Your objective. What is wanted is every line below from the one with "Robotun maliyeti 2 milyon 500 bin YTL." up to and including the one with "Schwimmbädern und Wasseranlagen.", retyped exactly, pictures excluded, nothing else.

Provided entries.
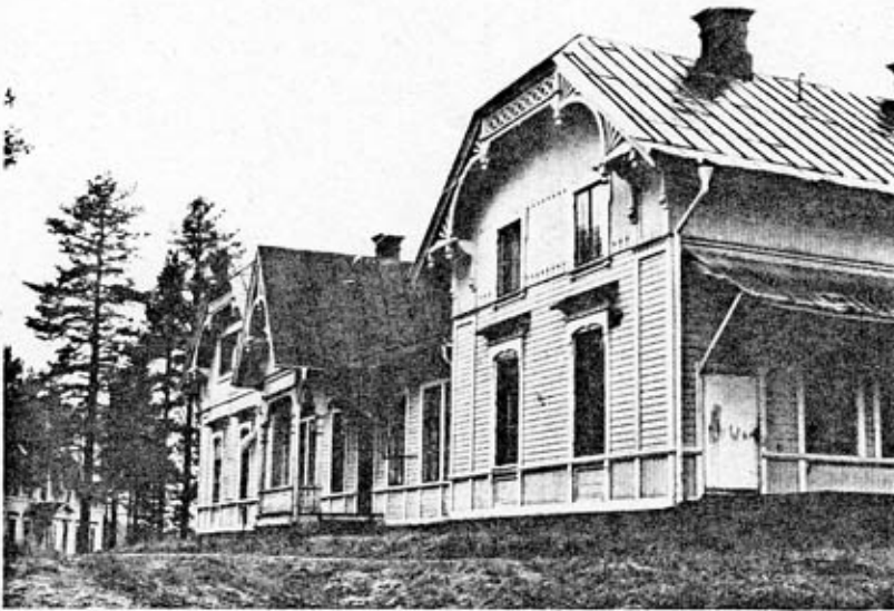
Marketenteri (4) fasad mot SO
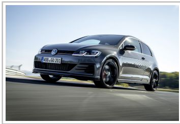
Volkswagen Golf GTI TCR.
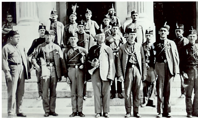
Člani središke sokolske godbe leta 1932, ki so se udeležili vsakoletnega zleta v Sarajevu.
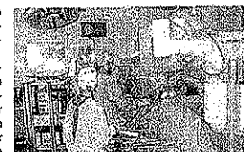
Robotun maliyeti 2 milyon 500 bin YTL.

Güneş, tıp dünyasının daha az eğri, daha küçük yara izi ve çabuk iyileşme imkanlarını hastalara sunmak için büyük uğraşlar verdiğini ve
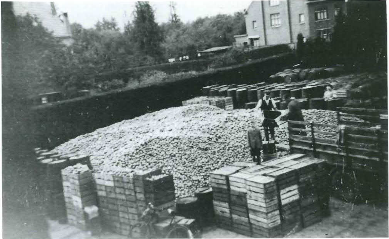
Afb. 5. Opslag van appels ten behoeve van de stroopproductie bij de voormalige Stroopfabriek Henquet aan de Prins Hendrikstraat, 1939 (collectie SEV nr. 2743).
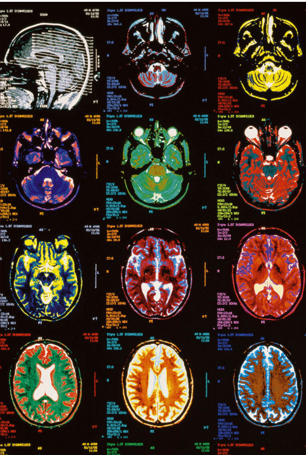
Augen der Öffentlichkeit vom Idol zur gestörten Frau
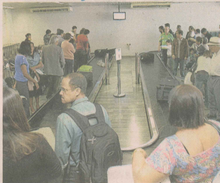
DESEMBARQUE. A área com sala e saguão será quatro vezes maior do que a atual e as atuais esteiras de bagagem serão substituídas por outras duas
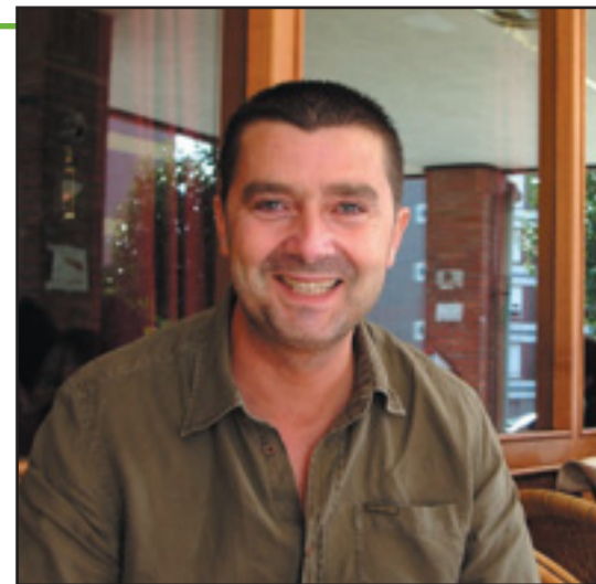
Santos, elkarte handi baten buru den ostalari gaztea.

Debe ser y lo es. A nadie le gusta tener un bar debajo de casa, pero todo el mundo sale a tomarse un café o un refresco. Lo importante es dar un servicio.
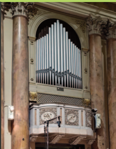
Organo anonimo sec. XVII

Chiesa di Santa Maria Immacolata delle Grazie
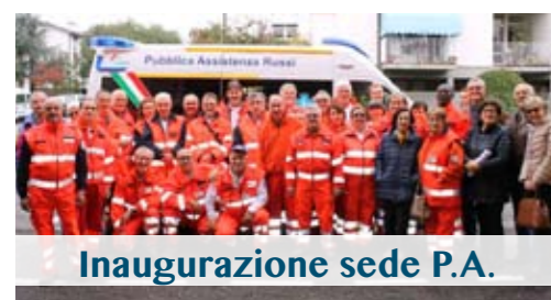
Inaugurazione sede P.A.
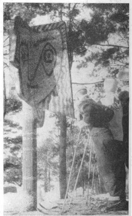
ESCULTURA EN HORMIGON NEGRO DE 3 M. DE ALTO REALIZADA POR CARL MESJAR SEGUN UNA MAQUETE DE PICASSO.

(DE AUJOURD'HUI ART ET ARCHITECTURE N.º 23)
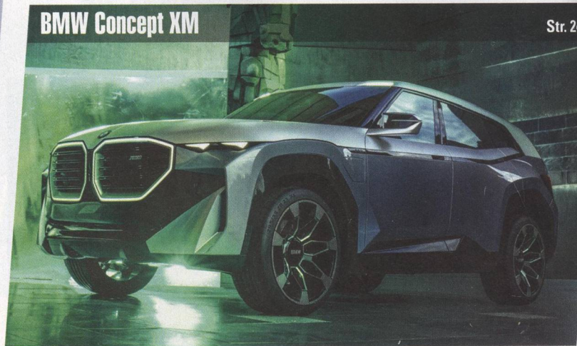
BMW Concept XM
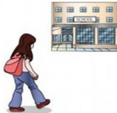
go to school
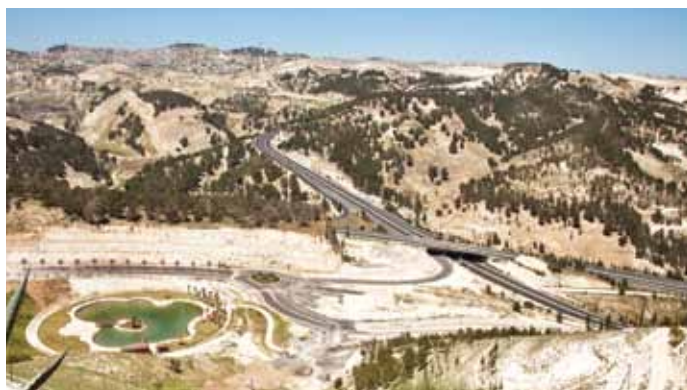
▲ Eine Israelische Siedlung im Außenbereich von Ostjerusalem. Siedlungen werden um die Stadt gebaut und schneiden somit das palästinensische Ostjerusalem von dem Westjordanland ab. Trotz weitverbreiteter Wasserknappheit in den palästinensischen Gemeinden prahlen viele dieser Siedlungen mit Schwimmbädern und Wasseranlagen.

In der überwältigenden Mehrheit der Rettungswagen Transporte müssen die Patienten an einem Checkpoint von einem palästinensischen Rettungswagen in einen israelischen Rettungswagen verlegt werden, bevor sie nach Jerusalem einreisen. 34

Your response.
Robotun maliyeti 2 milyon 500 bin YTL.

Güneş, tıp dünyasının daha az eğri, daha küçük yara izi ve çabuk iyileşme imkanlarını hastalara sunmak için büyük uğraşlar verdiğini ve
Afb. 5. Opslag van appels ten behoeve van de stroopproductie bij de voormalige Stroopfabriek Henquet aan de Prins Hendrikstraat, 1939 (collectie SEV nr. 2743).
Augen der Öffentlichkeit vom Idol zur gestörten Frau
DESEMBARQUE. A área com sala e saguão será quatro vezes maior do que a atual e as atuais esteiras de bagagem serão substituídas por outras duas
Santos, elkarte handi baten buru den ostalari gaztea.

Debe ser y lo es. A nadie le gusta tener un bar debajo de casa, pero todo el mundo sale a tomarse un café o un refresco. Lo importante es dar un servicio.
Organo anonimo sec. XVII

Chiesa di Santa Maria Immacolata delle Grazie
Inaugurazione sede P.A.
ESCULTURA EN HORMIGON NEGRO DE 3 M. DE ALTO REALIZADA POR CARL MESJAR SEGUN UNA MAQUETE DE PICASSO.

(DE AUJOURD'HUI ART ET ARCHITECTURE N.º 23)
BMW Concept XM
go to school
▲ Eine Israelische Siedlung im Außenbereich von Ostjerusalem. Siedlungen werden um die Stadt gebaut und schneiden somit das palästinensische Ostjerusalem von dem Westjordanland ab. Trotz weitverbreiteter Wasserknappheit in den palästinensischen Gemeinden prahlen viele dieser Siedlungen mit Schwimmbädern und Wasseranlagen.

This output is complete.